Overview of the XMR method. XMR estimates the causal effect $\beta$ between exposure $X_2$ and outcome $Y_2$ in a small-sample population by leveraging data on the same exposure $X_1$ from a large-sample population. The method involves several key elements: (A) IVs are selected from the large-sample population ($X_1$) to improve power compared to the limited IVs available from the small-sample population ($X_2$).
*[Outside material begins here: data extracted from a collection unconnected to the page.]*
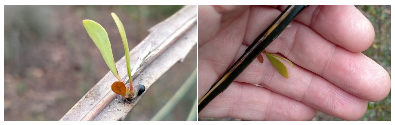
Fig. 1 (left): Germinating green mistletoe seed on underside of lancewood leaf. Fig. 2 (right): Germinating green mistletoe seed showing top surface of lancewood leaf. Photos: John Barkla, 17 July 2021.

The next day, 17 July 2021, I visited the church grounds and soon located the lancewood. It was c. 3 m tall, with juvenile leaves. About 1.6 m from the ground, on the underside of one of the leaves, I found a mistletoe seed well adhered between the central leaf vein and the edge of the leaf. Three mistletoe leaves (the largest c. 1.5 cm) protruded from the seed (Fig.1 and Fig. 2).
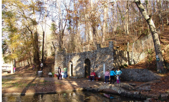
Explore the caves!

We are located 2 miles from the city of Cave Spring!
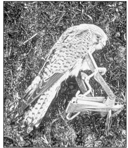
A protected Kestrel caught in an illegally set Fenn trap.

To preserve their valuable 'game birds', gamekeepers set traps and snares to kill stoats, weasels, foxes, polecats and other natural predators. Sometimes protected species, such as badgers, otters, wild cats, kestrels and owls, fall victim to these snares and traps. These indiscriminate devices also catch hares, rabbits, squirrels, hedgehogs, deer and sometimes domestic cats and dogs.
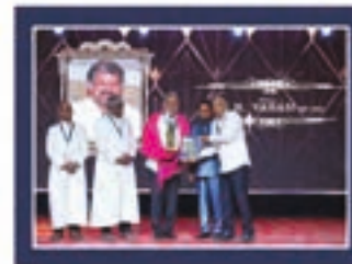
FRIENDS OF LOYOLA G.K. VASAN MEMBER OF PARLIAMENT
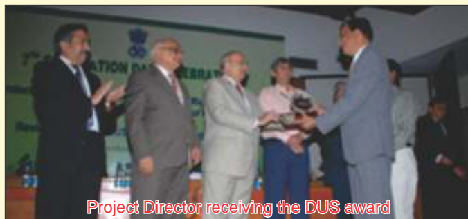
Project Director receiving the DUS award
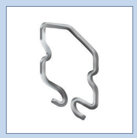
Loads tested to a 3:1 safety factor. For use with static loads only.
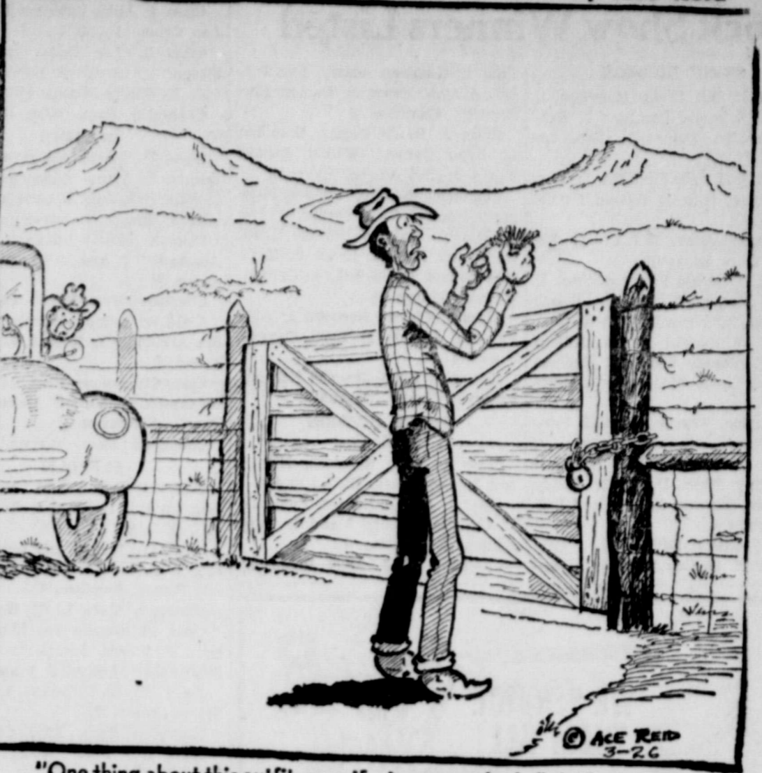
"One thing about this outfit, even if a trespasser had all the keys to all the locks, he'd git caught before he ever got through a gate!"
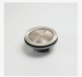
AC28 Basket Waste

The distributions of observed $-\log_{10}(p)$ values for SNP–exposure associations across chromosomes are shown. (B) The XMR model diagram. Arrowed lines represent directed effects. The blue dashed line indicates the correlation between $X_1$ and $X_2$. (C) Selection bias and confounding factors contribute to the observed SNP–trait associations. (D) An illustrative example of causal inference between SHBG (sex hormone-binding globulin) and T2D (type 2 diabetes) in an African population, using conventional two-sample MR methods (left) and XMR (right). The estimated causal effect is shown as a red line, with the 95% confidence interval shaded in transparent red. Triangles represent observed SNP effect sizes ($\hat{\gamma}_{2,j}$ and $\hat{\Gamma}_{2,j}$), colored by their posterior probability of IV validity ($Z_j = 1$ in dark blue; $Z_j = 0$ in light blue).

Installation

# install.packages("devtools")
devtools::install_github("YangLabHKUST/XMR")

Usage

We illustrate how to perform cross-population MR analysis using XMR with a real-data example: LDL cholesterol (LDLC, exposure) and myocardial infarction (MI, outcome), with Europeans (EUR) as the auxiliary population and East Asians (EAS) as the target population.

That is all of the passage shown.